The number of U.S. broadband households who have signed up for OTT video services from a major provider has risen 12% since 3Q 2014. Both consumer awareness and the number of OTT video services available has grown over the period despite greater numbers of subscribers sharing their passwords with others, according to the latest market data from Parks Associates’ OTT Video Market Tracker.
OTT video service subscribers numbers have been on a steady rise this year so far, according to Parks’ market data, Senior Director of Research Brett Sappington stated, a trend Parks expects will continue.
“With Hulu’s shift to a subscription-only approach, OTT video subscription penetration in the U.S. market will continue to rise through the end of this year,” he said.

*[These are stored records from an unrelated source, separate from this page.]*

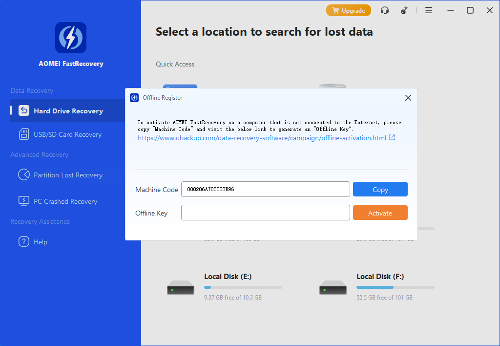 1. Primero, ejecute AOMEI FastRecovery sin conexión a internet y haga clic en el icono "Key". Aparecerá la ventana de registro sin conexión. Luego, conéctese a internet y abra la URL (https://www.ubackup.com/data-recovery-software/campaign/offline-activation.html) en la ventana de registro sin conexión como se muestra a continuación. (O puede abrir la URL en otra computadora con conexión a internet).
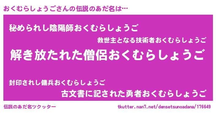 | 意味不明あだ名 | 『とにかく怪しいおくむらしょうご』 |
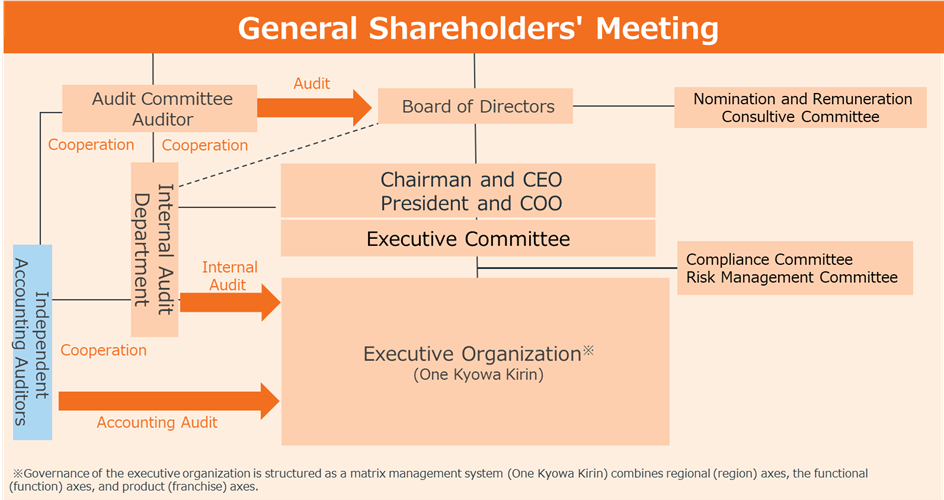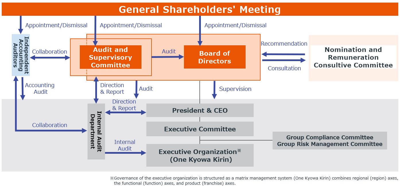 The Company is carrying out its business activities based on a philosophy that “The Kyowa Kirin Group companies strive to contribute to the health and well-being of people around the world by creating new value through the pursuit of advances in life sciences and technologies.” To realize this philosophy, the Company establishes its organizational structure and mechanisms for corporate management, and implements necessary measures. Recognizing that it is important to increase the transparency in corporate management and strengthen the oversight of the management in order to continuously increase corporate value, the Company has established the “Corporate Governance Policy” for the purpose of further improvement of its corporate governance.
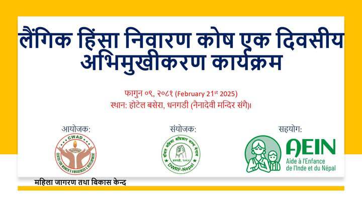 The Centre for Women’s Awareness and Development (CWAD), in coordination with the Dalit Women Rights Forum (DWRF Nepal) and with the support of AEIN, successfully conducted an Orientation on GBV Elimination Fund Regulation and Policies at Basera Hotel, Dhangadhi. The event gathered key representatives from Dhangadhi Sub-Metropolitan City and Godawari Municipality, including Deputy Mayors, Chief Administrative Officers, Judicial Committee members, Department Heads, Ward Chairs, Ward Members, Ward Secretaries, municipal staff, and media personnel. The orientation focused on: Legal provisions and policies on GBV elimination. Implementation of GBV response programs at the municipal level. Fund allocation for legal aid, medical support, and survivor rehabilitation. Strengthening advocacy and survivor assistance programs through local governance. Ensuring financial and social security for survivors. Utilizing international instruments to enhance local advocacy and support mechanisms. The session was enriched by the insights of Prof. Dr. Shashi Adhikary and Dr. Anita Shrestha, whose expertise made the program highly impactful. This event reinforced the importance of local engagement in tackling GBV, promoting effective policy implementation, and building safer, more inclusive communities.
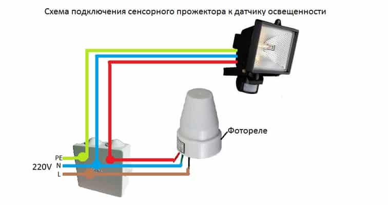 - Schéma de connexion d'un projecteur à un relais photoélectrique et à un capteur de mouvement

Subscription-only business models underpin more than half of all U.S. OTT video services providers businesses, a Parks study released in July revealed.
Furthermore, the U.S. 9th Circuit Court of Appeals recently upheld a lower court decision by ruling that subscribers sharing OTT video service passwords without service providers’ consent is a crime under the U.S. Computer Fraud and Abuse Act.
In related market research carried out for Ooyala, Parks found that connected device apps account for 25% of total OTT video subscriptions. That ranks them second behind OTT video provider websites.
Among individual OTT video services providers Netflix and WWE Network scored highest on Parks’ proprietary Net Promoter Score metric. Hulu and MLB.TV ranked third and fourth, respectively.

Parks’ Net Promoter Score measures the likelihood subscribers will recommend a product or service to others. The metric has proved to be a good indicator of consumers’ perceptions, according to the Austin, Texas-based market research company.
“Net Promoter Scores reveal the motivations behind many of the churn rates we are seeing,” commented Ruby-Ren Bond, Parks’ research analyst. “For example, Hulu has a higher churn rate than Amazon, but its NPS is much stronger than Amazon’s. That indicates the retail side of Amazon’s Prime service is likely a strong factor than the video service in retaining is subscribers.”